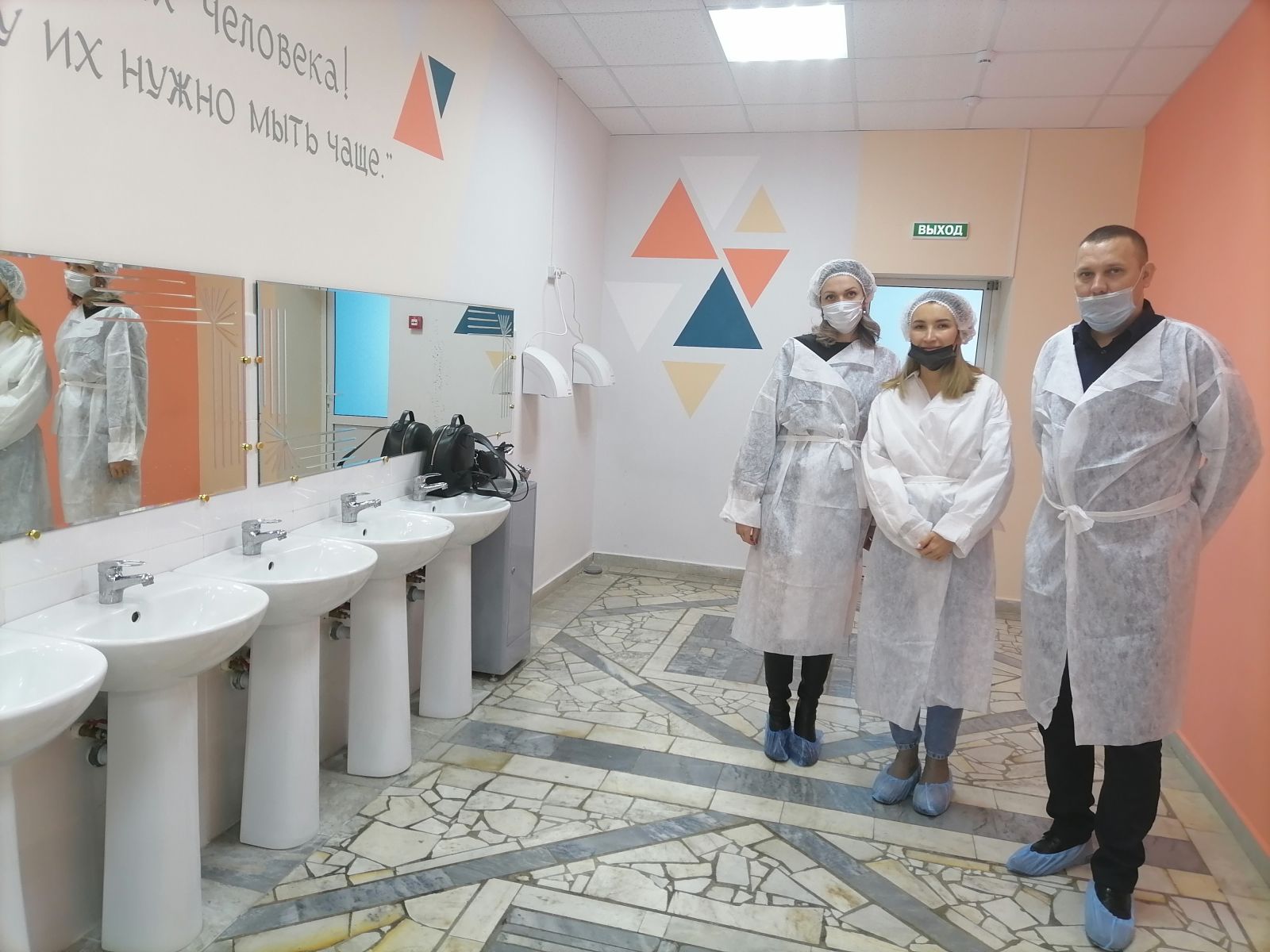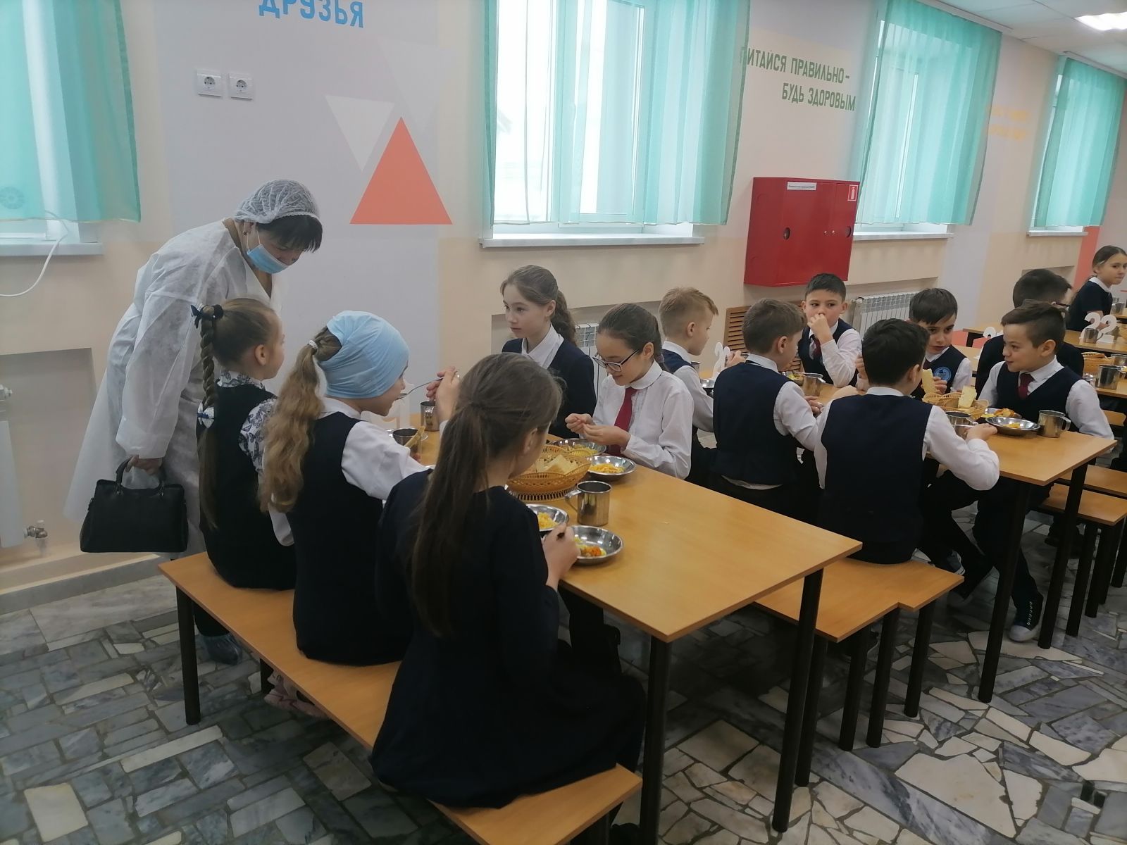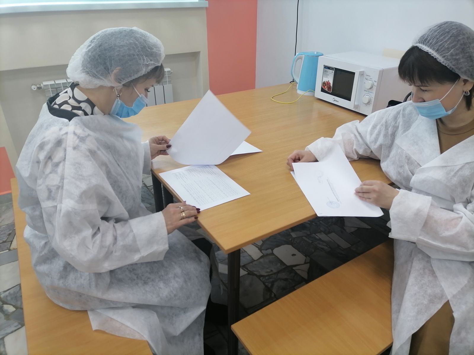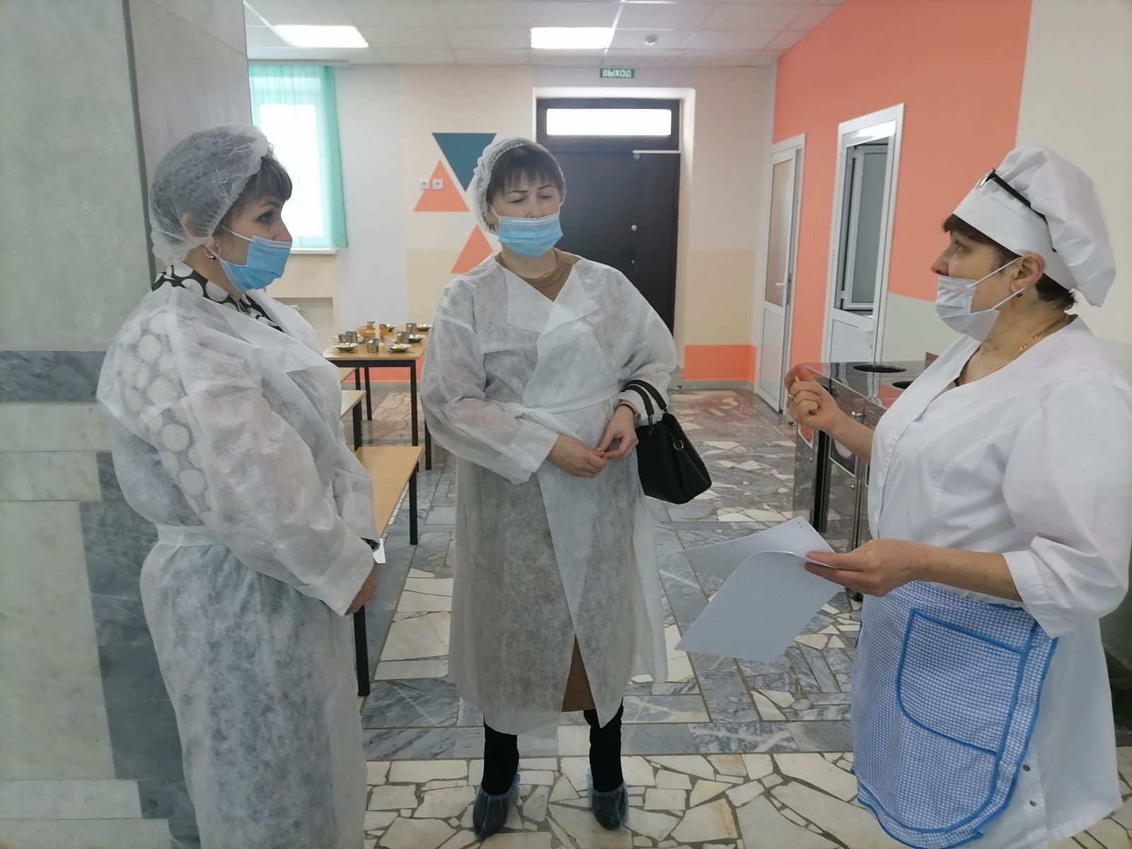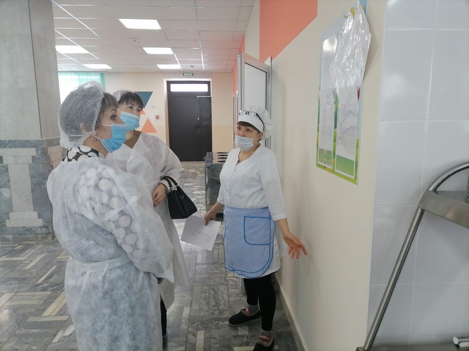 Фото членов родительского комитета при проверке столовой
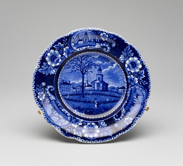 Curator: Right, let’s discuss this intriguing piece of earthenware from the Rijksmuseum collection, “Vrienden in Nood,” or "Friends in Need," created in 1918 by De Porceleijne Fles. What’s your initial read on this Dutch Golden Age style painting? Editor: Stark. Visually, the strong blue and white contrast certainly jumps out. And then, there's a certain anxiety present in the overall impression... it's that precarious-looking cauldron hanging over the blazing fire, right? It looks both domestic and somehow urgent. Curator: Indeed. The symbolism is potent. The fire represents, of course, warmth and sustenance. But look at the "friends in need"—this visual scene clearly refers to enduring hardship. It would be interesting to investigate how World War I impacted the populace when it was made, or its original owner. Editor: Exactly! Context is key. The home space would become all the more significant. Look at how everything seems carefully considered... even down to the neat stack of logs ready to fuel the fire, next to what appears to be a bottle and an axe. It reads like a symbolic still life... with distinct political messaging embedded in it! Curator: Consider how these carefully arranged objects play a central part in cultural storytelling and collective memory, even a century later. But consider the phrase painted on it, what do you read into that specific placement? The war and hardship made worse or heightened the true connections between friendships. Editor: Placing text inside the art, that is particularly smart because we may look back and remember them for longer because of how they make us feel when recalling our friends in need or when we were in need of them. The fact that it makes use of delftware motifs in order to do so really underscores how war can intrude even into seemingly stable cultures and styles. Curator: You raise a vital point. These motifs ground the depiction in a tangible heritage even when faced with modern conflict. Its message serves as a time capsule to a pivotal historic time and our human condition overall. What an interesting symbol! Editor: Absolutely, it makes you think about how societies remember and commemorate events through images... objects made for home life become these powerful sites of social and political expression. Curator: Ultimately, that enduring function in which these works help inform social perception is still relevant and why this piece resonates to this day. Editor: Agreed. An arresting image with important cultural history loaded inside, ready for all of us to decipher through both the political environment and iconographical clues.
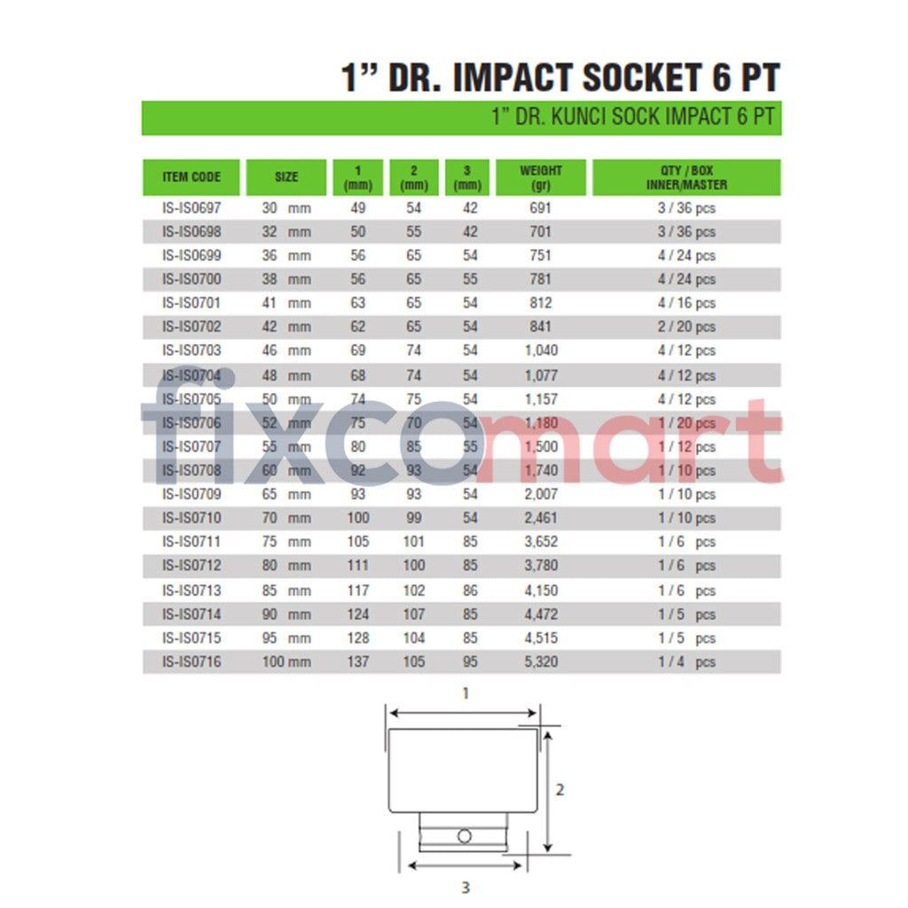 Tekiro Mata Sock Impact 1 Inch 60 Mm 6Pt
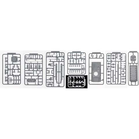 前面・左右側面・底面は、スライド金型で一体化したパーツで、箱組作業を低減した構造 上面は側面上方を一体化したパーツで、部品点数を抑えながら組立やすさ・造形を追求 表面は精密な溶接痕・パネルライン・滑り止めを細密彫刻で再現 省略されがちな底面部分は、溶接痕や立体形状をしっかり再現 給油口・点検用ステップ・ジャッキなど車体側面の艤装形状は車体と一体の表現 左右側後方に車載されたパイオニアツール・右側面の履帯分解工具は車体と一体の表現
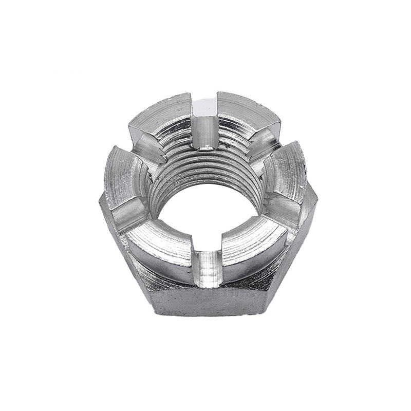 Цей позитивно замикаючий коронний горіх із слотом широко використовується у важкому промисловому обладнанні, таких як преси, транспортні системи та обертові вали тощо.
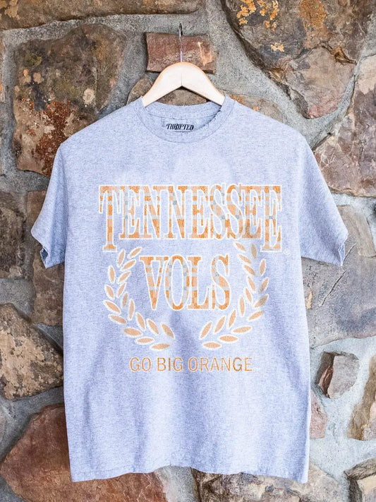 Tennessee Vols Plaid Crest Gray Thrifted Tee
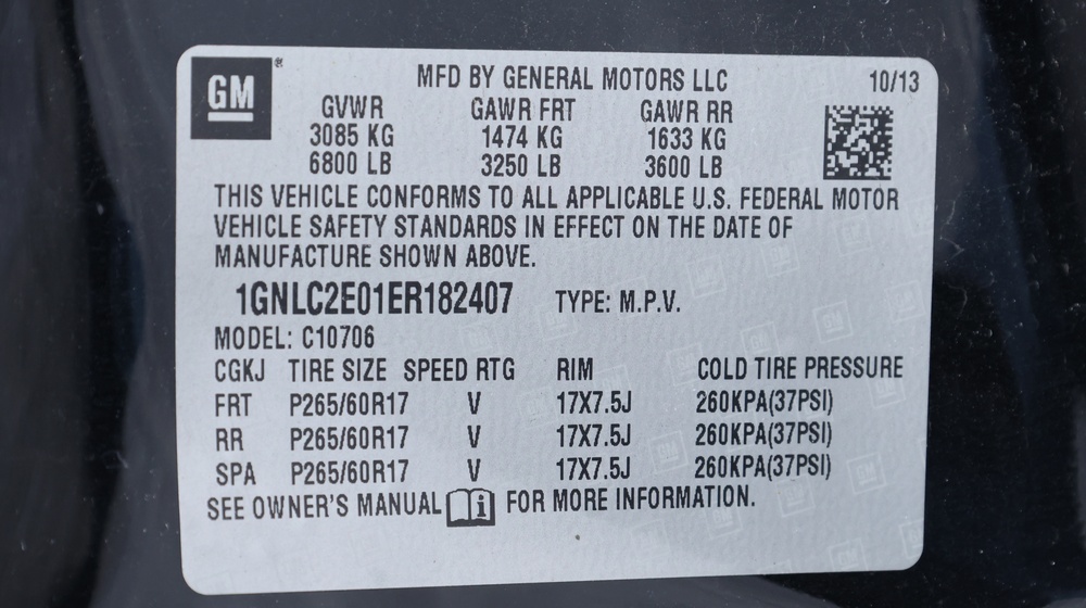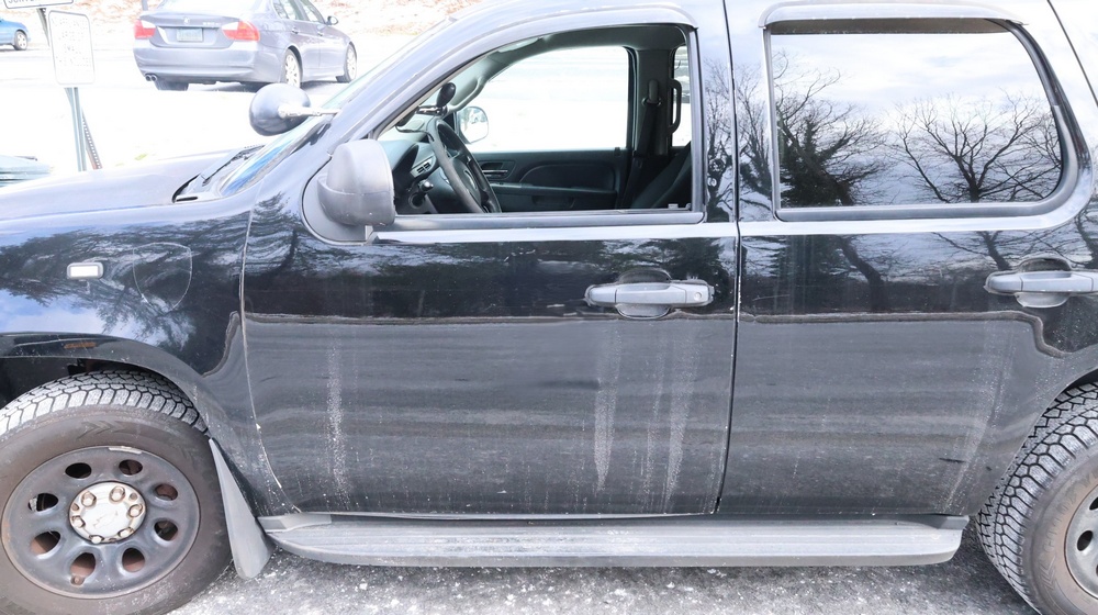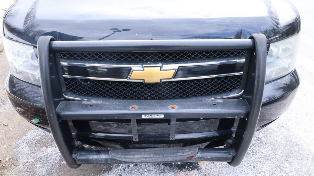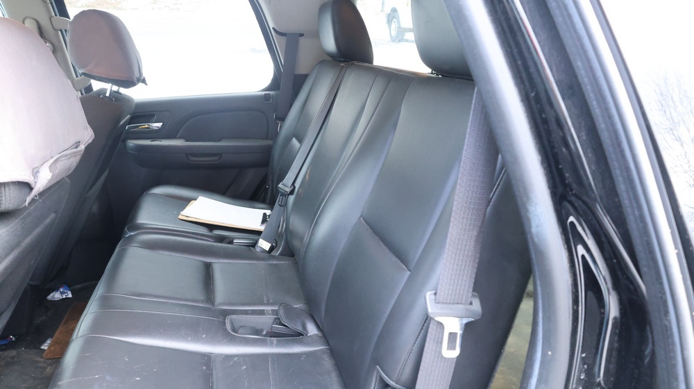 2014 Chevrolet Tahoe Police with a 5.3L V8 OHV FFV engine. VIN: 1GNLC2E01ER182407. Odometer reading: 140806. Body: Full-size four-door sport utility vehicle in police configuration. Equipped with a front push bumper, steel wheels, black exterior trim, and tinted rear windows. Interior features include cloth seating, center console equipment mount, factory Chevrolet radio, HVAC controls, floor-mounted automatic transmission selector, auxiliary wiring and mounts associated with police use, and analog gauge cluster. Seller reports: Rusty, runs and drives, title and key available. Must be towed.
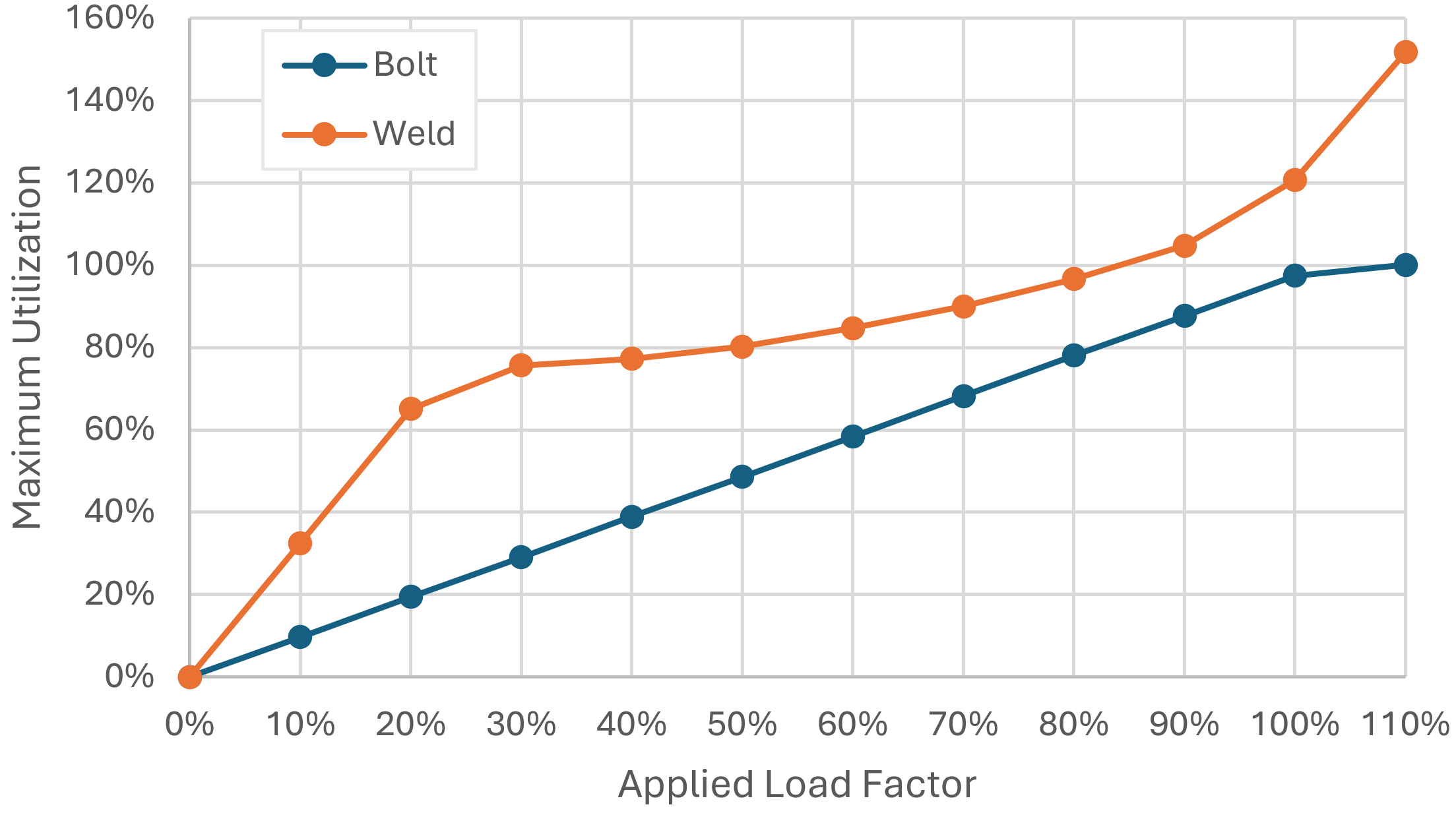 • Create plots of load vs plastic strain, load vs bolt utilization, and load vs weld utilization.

++++++++++

Repeat the entries exactly, without pictures.

_OUTPUT FOR THIS EXERCISE_:
 Фото членов родительского комитета при проверке столовой
 Curator: Right, let’s discuss this intriguing piece of earthenware from the Rijksmuseum collection, “Vrienden in Nood,” or "Friends in Need," created in 1918 by De Porceleijne Fles. What’s your initial read on this Dutch Golden Age style painting? Editor: Stark. Visually, the strong blue and white contrast certainly jumps out. And then, there's a certain anxiety present in the overall impression... it's that precarious-looking cauldron hanging over the blazing fire, right? It looks both domestic and somehow urgent. Curator: Indeed. The symbolism is potent. The fire represents, of course, warmth and sustenance. But look at the "friends in need"—this visual scene clearly refers to enduring hardship. It would be interesting to investigate how World War I impacted the populace when it was made, or its original owner. Editor: Exactly! Context is key. The home space would become all the more significant. Look at how everything seems carefully considered... even down to the neat stack of logs ready to fuel the fire, next to what appears to be a bottle and an axe. It reads like a symbolic still life... with distinct political messaging embedded in it! Curator: Consider how these carefully arranged objects play a central part in cultural storytelling and collective memory, even a century later. But consider the phrase painted on it, what do you read into that specific placement? The war and hardship made worse or heightened the true connections between friendships. Editor: Placing text inside the art, that is particularly smart because we may look back and remember them for longer because of how they make us feel when recalling our friends in need or when we were in need of them. The fact that it makes use of delftware motifs in order to do so really underscores how war can intrude even into seemingly stable cultures and styles. Curator: You raise a vital point. These motifs ground the depiction in a tangible heritage even when faced with modern conflict. Its message serves as a time capsule to a pivotal historic time and our human condition overall. What an interesting symbol! Editor: Absolutely, it makes you think about how societies remember and commemorate events through images... objects made for home life become these powerful sites of social and political expression. Curator: Ultimately, that enduring function in which these works help inform social perception is still relevant and why this piece resonates to this day. Editor: Agreed. An arresting image with important cultural history loaded inside, ready for all of us to decipher through both the political environment and iconographical clues.
 Tekiro Mata Sock Impact 1 Inch 60 Mm 6Pt
 前面・左右側面・底面は、スライド金型で一体化したパーツで、箱組作業を低減した構造 上面は側面上方を一体化したパーツで、部品点数を抑えながら組立やすさ・造形を追求 表面は精密な溶接痕・パネルライン・滑り止めを細密彫刻で再現 省略されがちな底面部分は、溶接痕や立体形状をしっかり再現 給油口・点検用ステップ・ジャッキなど車体側面の艤装形状は車体と一体の表現 左右側後方に車載されたパイオニアツール・右側面の履帯分解工具は車体と一体の表現
 Цей позитивно замикаючий коронний горіх із слотом широко використовується у важкому промисловому обладнанні, таких як преси, транспортні системи та обертові вали тощо.
 Tennessee Vols Plaid Crest Gray Thrifted Tee
 2014 Chevrolet Tahoe Police with a 5.3L V8 OHV FFV engine. VIN: 1GNLC2E01ER182407. Odometer reading: 140806. Body: Full-size four-door sport utility vehicle in police configuration. Equipped with a front push bumper, steel wheels, black exterior trim, and tinted rear windows. Interior features include cloth seating, center console equipment mount, factory Chevrolet radio, HVAC controls, floor-mounted automatic transmission selector, auxiliary wiring and mounts associated with police use, and analog gauge cluster. Seller reports: Rusty, runs and drives, title and key available. Must be towed.
 • Create plots of load vs plastic strain, load vs bolt utilization, and load vs weld utilization.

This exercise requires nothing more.